October 31, 2012—Boston Scientific Corporation (Natick, MA) announced that it has received CE Mark approval for the Synergy everolimus-eluting platinum chromium (PtCr) coronary stent system with an ultra-thin abluminal bioabsorbable polymer coating.

The device will be available in a full range of sizes to select centers in Europe and other geographies by early 2013, with a broad commercial launch in early 2014. The initial limited market release is expected to provide additional data to support the clinical and economic benefits of the Synergy stent and its bioabsorbable technology, the company stated.

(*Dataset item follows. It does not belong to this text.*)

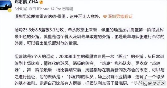当时,深圳男篮跟队记者郑志鹏发文提到佩里的情况点评篮球是5个人的运动,2000年出生的佩里难言是一名“职业”的外援,从日常训练到上场比赛,情绪化的球风、消极的防守、“热衷”抱怨队友、更衣室“点燃器”。第一阶段最后一场比赛结束后,周鹏指导在赛后新闻发布会的表态,可以与之进行验证。他的原话是:“我们有的队员,场上没有职业精神,违背了一个球员的基本准则。觉得自己比所有人厉害,把团队利益置于最底层。”北控男篮新赛季完成了主帅更替,张庆鹏出任25-26赛季的主教练,大牌外援萨林杰并没有留队,有消息称与广东男篮达成一致。张庆鹏作为CBA少帅之一,在天津男篮职业生涯并不算特别成功,身处一支投入较大的俱乐部效力,他能否率队走得更远,相信是外界关注的焦点。

According to Boston Scientific’s press release, the Synergy stent features the company’s bioabsorbable poly-lactic-co-glycolic acid polymer and everolimus drug coating that dissipate within 3 months of implantation, which has the potential to improve postimplant vessel healing and will eliminate long-term polymer exposure.

The Synergy drug-eluting stent DES was evaluated in the EVOLVE clinical study, which supported the European approval. The company announced that Stefan Verheye, MD, presented 6-month and 1-year EVOLVE data at the EuroPCR 2012 conference in Paris on May 15, 2012. Prof. Ian Meredith, MD, Director of Monish Heart at Monish Medical Centre in Melbourne, Australia, served as Principal Investigator of the EVOLVE study.

“With the Synergy stent, drug release and polymer absorption occur in parallel and are complete at about 3 months after stent implantation,” commented Prof. Meredith in the company’s press release. “This exciting advance may improve long-term safety and efficacy compared to current durable polymer DES and perhaps even reduce the need for prolonged dual-antiplatelet therapy.”

In the EVOLVE 6-month results, the Synergy stent demonstrated noninferiority to the Boston Scientific Promus Element stent for the primary angiographic endpoint of in-stent late loss, a proxy for efficacy. At 12 months, the Synergy stent demonstrated a target lesion revascularization rate of 1.1% and a stent thrombosis rate of 0%.

The company advised that a pivotal trial, EVOLVE II, has been designed to support US Food and Drug Administration and Japanese Ministry of Health, Labor, and Welfare approval of the Synergy stent system and is expected to begin enrollment later this year. EVOLVE II is a global, multicenter, randomized, controlled, pivotal trial that will enroll 1,684 patients in 160 sites across the globe. Boston Scientific anticipates additional studies to assess outcomes, including the potential for reduced dual-antiplatelet therapy. The Synergy stent system is currently an investigational device, not available for sale in United States and Japan, stated Boston Scientific.